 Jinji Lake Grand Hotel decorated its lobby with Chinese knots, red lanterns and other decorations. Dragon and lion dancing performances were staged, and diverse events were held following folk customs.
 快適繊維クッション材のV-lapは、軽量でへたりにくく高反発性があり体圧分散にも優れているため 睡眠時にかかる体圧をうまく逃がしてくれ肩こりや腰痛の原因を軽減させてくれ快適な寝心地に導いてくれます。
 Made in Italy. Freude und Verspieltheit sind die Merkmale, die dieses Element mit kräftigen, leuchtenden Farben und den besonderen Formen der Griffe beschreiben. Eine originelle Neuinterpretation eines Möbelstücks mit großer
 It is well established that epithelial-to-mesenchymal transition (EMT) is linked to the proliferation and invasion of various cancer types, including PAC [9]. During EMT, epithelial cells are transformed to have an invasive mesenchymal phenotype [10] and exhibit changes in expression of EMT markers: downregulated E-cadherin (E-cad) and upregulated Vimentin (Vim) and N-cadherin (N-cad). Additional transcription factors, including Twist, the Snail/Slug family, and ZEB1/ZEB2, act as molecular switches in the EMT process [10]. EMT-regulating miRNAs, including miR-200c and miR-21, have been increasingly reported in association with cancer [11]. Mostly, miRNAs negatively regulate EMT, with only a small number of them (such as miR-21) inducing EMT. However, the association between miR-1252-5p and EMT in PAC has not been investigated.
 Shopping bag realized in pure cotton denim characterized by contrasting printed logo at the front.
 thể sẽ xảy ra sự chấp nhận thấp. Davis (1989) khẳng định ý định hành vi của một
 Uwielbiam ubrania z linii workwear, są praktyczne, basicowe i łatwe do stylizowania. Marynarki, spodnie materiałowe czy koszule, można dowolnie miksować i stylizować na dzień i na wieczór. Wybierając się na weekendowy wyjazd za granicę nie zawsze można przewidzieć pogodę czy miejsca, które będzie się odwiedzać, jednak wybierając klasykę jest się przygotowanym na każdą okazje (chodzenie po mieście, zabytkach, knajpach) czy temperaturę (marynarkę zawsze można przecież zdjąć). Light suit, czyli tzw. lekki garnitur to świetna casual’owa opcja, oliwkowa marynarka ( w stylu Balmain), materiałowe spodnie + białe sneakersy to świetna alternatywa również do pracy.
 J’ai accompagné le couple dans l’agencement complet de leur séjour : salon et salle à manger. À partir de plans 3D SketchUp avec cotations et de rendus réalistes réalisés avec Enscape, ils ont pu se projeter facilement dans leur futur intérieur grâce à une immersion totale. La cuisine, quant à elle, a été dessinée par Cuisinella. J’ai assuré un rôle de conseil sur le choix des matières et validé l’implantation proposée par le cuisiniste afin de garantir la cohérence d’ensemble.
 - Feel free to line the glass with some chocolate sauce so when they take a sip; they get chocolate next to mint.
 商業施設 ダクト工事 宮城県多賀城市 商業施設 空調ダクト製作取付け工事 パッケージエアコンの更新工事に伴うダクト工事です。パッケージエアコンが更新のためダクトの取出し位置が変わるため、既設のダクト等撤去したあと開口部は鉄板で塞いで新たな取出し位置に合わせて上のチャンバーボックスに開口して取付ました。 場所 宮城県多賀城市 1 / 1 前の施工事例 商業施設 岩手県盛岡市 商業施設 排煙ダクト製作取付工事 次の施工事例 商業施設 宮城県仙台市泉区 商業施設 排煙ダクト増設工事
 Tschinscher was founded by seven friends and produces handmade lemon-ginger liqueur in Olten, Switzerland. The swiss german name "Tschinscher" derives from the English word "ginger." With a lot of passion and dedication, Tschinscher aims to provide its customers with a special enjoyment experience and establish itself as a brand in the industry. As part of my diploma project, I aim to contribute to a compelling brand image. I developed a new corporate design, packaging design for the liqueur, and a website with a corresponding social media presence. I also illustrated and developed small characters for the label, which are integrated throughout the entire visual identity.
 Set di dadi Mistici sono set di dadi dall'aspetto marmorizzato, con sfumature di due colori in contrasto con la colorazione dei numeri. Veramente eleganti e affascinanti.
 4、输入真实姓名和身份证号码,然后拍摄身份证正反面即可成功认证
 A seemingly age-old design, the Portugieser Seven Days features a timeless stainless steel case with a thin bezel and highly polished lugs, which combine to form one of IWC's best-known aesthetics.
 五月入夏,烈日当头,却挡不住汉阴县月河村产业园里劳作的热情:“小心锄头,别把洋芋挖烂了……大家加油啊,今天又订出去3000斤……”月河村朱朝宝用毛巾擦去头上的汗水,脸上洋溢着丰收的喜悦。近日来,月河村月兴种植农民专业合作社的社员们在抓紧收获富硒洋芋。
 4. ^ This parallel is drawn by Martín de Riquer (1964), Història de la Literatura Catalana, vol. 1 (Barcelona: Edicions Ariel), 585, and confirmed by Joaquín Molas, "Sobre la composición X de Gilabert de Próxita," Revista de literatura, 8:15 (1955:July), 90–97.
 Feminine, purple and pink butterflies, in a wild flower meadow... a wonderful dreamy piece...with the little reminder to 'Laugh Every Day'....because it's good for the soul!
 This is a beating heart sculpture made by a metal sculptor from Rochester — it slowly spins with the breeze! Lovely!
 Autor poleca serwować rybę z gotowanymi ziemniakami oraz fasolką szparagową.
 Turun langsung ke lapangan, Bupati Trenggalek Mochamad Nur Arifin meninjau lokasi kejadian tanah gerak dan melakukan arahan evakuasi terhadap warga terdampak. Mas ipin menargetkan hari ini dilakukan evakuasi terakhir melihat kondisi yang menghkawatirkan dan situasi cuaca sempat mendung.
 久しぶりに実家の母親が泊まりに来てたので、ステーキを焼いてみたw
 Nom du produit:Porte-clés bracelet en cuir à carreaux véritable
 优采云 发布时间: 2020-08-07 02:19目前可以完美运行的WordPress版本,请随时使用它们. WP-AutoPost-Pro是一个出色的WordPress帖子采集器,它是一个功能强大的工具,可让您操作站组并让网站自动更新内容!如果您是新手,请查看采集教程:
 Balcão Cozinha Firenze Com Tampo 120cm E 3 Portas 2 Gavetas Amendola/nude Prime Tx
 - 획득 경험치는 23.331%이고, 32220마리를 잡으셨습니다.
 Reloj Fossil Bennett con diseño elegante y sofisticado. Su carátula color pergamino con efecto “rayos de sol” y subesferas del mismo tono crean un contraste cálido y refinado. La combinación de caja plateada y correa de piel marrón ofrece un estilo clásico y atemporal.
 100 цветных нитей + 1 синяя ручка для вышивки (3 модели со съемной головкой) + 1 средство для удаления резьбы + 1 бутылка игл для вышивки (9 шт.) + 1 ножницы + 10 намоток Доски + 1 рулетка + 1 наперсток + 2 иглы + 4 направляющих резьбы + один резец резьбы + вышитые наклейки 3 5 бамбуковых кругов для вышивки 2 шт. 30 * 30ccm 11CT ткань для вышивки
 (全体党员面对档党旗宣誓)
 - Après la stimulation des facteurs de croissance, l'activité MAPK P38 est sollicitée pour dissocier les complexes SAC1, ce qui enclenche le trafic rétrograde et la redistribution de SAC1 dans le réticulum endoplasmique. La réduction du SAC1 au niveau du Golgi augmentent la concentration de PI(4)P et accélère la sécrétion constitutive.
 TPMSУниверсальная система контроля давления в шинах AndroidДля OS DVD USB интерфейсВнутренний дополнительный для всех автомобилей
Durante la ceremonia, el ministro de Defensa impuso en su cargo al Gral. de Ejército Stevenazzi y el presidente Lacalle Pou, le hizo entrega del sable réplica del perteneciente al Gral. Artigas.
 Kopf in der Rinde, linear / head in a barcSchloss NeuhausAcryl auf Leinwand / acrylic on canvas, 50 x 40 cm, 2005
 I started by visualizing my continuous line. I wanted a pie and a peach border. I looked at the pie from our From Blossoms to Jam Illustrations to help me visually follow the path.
- - -
» TASK PROMPT:
Make an exact copy of every record listed above.

» ANSWER TO THIS PROBLEM:
 Jinji Lake Grand Hotel decorated its lobby with Chinese knots, red lanterns and other decorations. Dragon and lion dancing performances were staged, and diverse events were held following folk customs.
 快適繊維クッション材のV-lapは、軽量でへたりにくく高反発性があり体圧分散にも優れているため 睡眠時にかかる体圧をうまく逃がしてくれ肩こりや腰痛の原因を軽減させてくれ快適な寝心地に導いてくれます。
 Made in Italy. Freude und Verspieltheit sind die Merkmale, die dieses Element mit kräftigen, leuchtenden Farben und den besonderen Formen der Griffe beschreiben. Eine originelle Neuinterpretation eines Möbelstücks mit großer
 It is well established that epithelial-to-mesenchymal transition (EMT) is linked to the proliferation and invasion of various cancer types, including PAC [9]. During EMT, epithelial cells are transformed to have an invasive mesenchymal phenotype [10] and exhibit changes in expression of EMT markers: downregulated E-cadherin (E-cad) and upregulated Vimentin (Vim) and N-cadherin (N-cad). Additional transcription factors, including Twist, the Snail/Slug family, and ZEB1/ZEB2, act as molecular switches in the EMT process [10]. EMT-regulating miRNAs, including miR-200c and miR-21, have been increasingly reported in association with cancer [11]. Mostly, miRNAs negatively regulate EMT, with only a small number of them (such as miR-21) inducing EMT. However, the association between miR-1252-5p and EMT in PAC has not been investigated.
 Shopping bag realized in pure cotton denim characterized by contrasting printed logo at the front.
 thể sẽ xảy ra sự chấp nhận thấp. Davis (1989) khẳng định ý định hành vi của một
 Uwielbiam ubrania z linii workwear, są praktyczne, basicowe i łatwe do stylizowania. Marynarki, spodnie materiałowe czy koszule, można dowolnie miksować i stylizować na dzień i na wieczór. Wybierając się na weekendowy wyjazd za granicę nie zawsze można przewidzieć pogodę czy miejsca, które będzie się odwiedzać, jednak wybierając klasykę jest się przygotowanym na każdą okazje (chodzenie po mieście, zabytkach, knajpach) czy temperaturę (marynarkę zawsze można przecież zdjąć). Light suit, czyli tzw. lekki garnitur to świetna casual’owa opcja, oliwkowa marynarka ( w stylu Balmain), materiałowe spodnie + białe sneakersy to świetna alternatywa również do pracy.
 J’ai accompagné le couple dans l’agencement complet de leur séjour : salon et salle à manger. À partir de plans 3D SketchUp avec cotations et de rendus réalistes réalisés avec Enscape, ils ont pu se projeter facilement dans leur futur intérieur grâce à une immersion totale. La cuisine, quant à elle, a été dessinée par Cuisinella. J’ai assuré un rôle de conseil sur le choix des matières et validé l’implantation proposée par le cuisiniste afin de garantir la cohérence d’ensemble.
 - Feel free to line the glass with some chocolate sauce so when they take a sip; they get chocolate next to mint.
 商業施設 ダクト工事 宮城県多賀城市 商業施設 空調ダクト製作取付け工事 パッケージエアコンの更新工事に伴うダクト工事です。パッケージエアコンが更新のためダクトの取出し位置が変わるため、既設のダクト等撤去したあと開口部は鉄板で塞いで新たな取出し位置に合わせて上のチャンバーボックスに開口して取付ました。 場所 宮城県多賀城市 1 / 1 前の施工事例 商業施設 岩手県盛岡市 商業施設 排煙ダクト製作取付工事 次の施工事例 商業施設 宮城県仙台市泉区 商業施設 排煙ダクト増設工事
 Tschinscher was founded by seven friends and produces handmade lemon-ginger liqueur in Olten, Switzerland. The swiss german name "Tschinscher" derives from the English word "ginger." With a lot of passion and dedication, Tschinscher aims to provide its customers with a special enjoyment experience and establish itself as a brand in the industry. As part of my diploma project, I aim to contribute to a compelling brand image. I developed a new corporate design, packaging design for the liqueur, and a website with a corresponding social media presence. I also illustrated and developed small characters for the label, which are integrated throughout the entire visual identity.
 Set di dadi Mistici sono set di dadi dall'aspetto marmorizzato, con sfumature di due colori in contrasto con la colorazione dei numeri. Veramente eleganti e affascinanti.
 4、输入真实姓名和身份证号码,然后拍摄身份证正反面即可成功认证
 A seemingly age-old design, the Portugieser Seven Days features a timeless stainless steel case with a thin bezel and highly polished lugs, which combine to form one of IWC's best-known aesthetics.
 五月入夏,烈日当头,却挡不住汉阴县月河村产业园里劳作的热情:“小心锄头,别把洋芋挖烂了……大家加油啊,今天又订出去3000斤……”月河村朱朝宝用毛巾擦去头上的汗水,脸上洋溢着丰收的喜悦。近日来,月河村月兴种植农民专业合作社的社员们在抓紧收获富硒洋芋。
 4. ^ This parallel is drawn by Martín de Riquer (1964), Història de la Literatura Catalana, vol. 1 (Barcelona: Edicions Ariel), 585, and confirmed by Joaquín Molas, "Sobre la composición X de Gilabert de Próxita," Revista de literatura, 8:15 (1955:July), 90–97.
 Feminine, purple and pink butterflies, in a wild flower meadow... a wonderful dreamy piece...with the little reminder to 'Laugh Every Day'....because it's good for the soul!
 This is a beating heart sculpture made by a metal sculptor from Rochester — it slowly spins with the breeze! Lovely!
 Autor poleca serwować rybę z gotowanymi ziemniakami oraz fasolką szparagową.
 Turun langsung ke lapangan, Bupati Trenggalek Mochamad Nur Arifin meninjau lokasi kejadian tanah gerak dan melakukan arahan evakuasi terhadap warga terdampak. Mas ipin menargetkan hari ini dilakukan evakuasi terakhir melihat kondisi yang menghkawatirkan dan situasi cuaca sempat mendung.
 久しぶりに実家の母親が泊まりに来てたので、ステーキを焼いてみたw
 Nom du produit:Porte-clés bracelet en cuir à carreaux véritable
 优采云 发布时间: 2020-08-07 02:19目前可以完美运行的WordPress版本,请随时使用它们. WP-AutoPost-Pro是一个出色的WordPress帖子采集器,它是一个功能强大的工具,可让您操作站组并让网站自动更新内容!如果您是新手,请查看采集教程:
 Balcão Cozinha Firenze Com Tampo 120cm E 3 Portas 2 Gavetas Amendola/nude Prime Tx
 - 획득 경험치는 23.331%이고, 32220마리를 잡으셨습니다.
 Reloj Fossil Bennett con diseño elegante y sofisticado. Su carátula color pergamino con efecto “rayos de sol” y subesferas del mismo tono crean un contraste cálido y refinado. La combinación de caja plateada y correa de piel marrón ofrece un estilo clásico y atemporal.
 100 цветных нитей + 1 синяя ручка для вышивки (3 модели со съемной головкой) + 1 средство для удаления резьбы + 1 бутылка игл для вышивки (9 шт.) + 1 ножницы + 10 намоток Доски + 1 рулетка + 1 наперсток + 2 иглы + 4 направляющих резьбы + один резец резьбы + вышитые наклейки 3 5 бамбуковых кругов для вышивки 2 шт. 30 * 30ccm 11CT ткань для вышивки
 (全体党员面对档党旗宣誓)
 - Après la stimulation des facteurs de croissance, l'activité MAPK P38 est sollicitée pour dissocier les complexes SAC1, ce qui enclenche le trafic rétrograde et la redistribution de SAC1 dans le réticulum endoplasmique. La réduction du SAC1 au niveau du Golgi augmentent la concentration de PI(4)P et accélère la sécrétion constitutive.
 TPMSУниверсальная система контроля давления в шинах AndroidДля OS DVD USB интерфейсВнутренний дополнительный для всех автомобилей
Durante la ceremonia, el ministro de Defensa impuso en su cargo al Gral. de Ejército Stevenazzi y el presidente Lacalle Pou, le hizo entrega del sable réplica del perteneciente al Gral. Artigas.
 Kopf in der Rinde, linear / head in a barcSchloss NeuhausAcryl auf Leinwand / acrylic on canvas, 50 x 40 cm, 2005
 I started by visualizing my continuous line. I wanted a pie and a peach border. I looked at the pie from our From Blossoms to Jam Illustrations to help me visually follow the path.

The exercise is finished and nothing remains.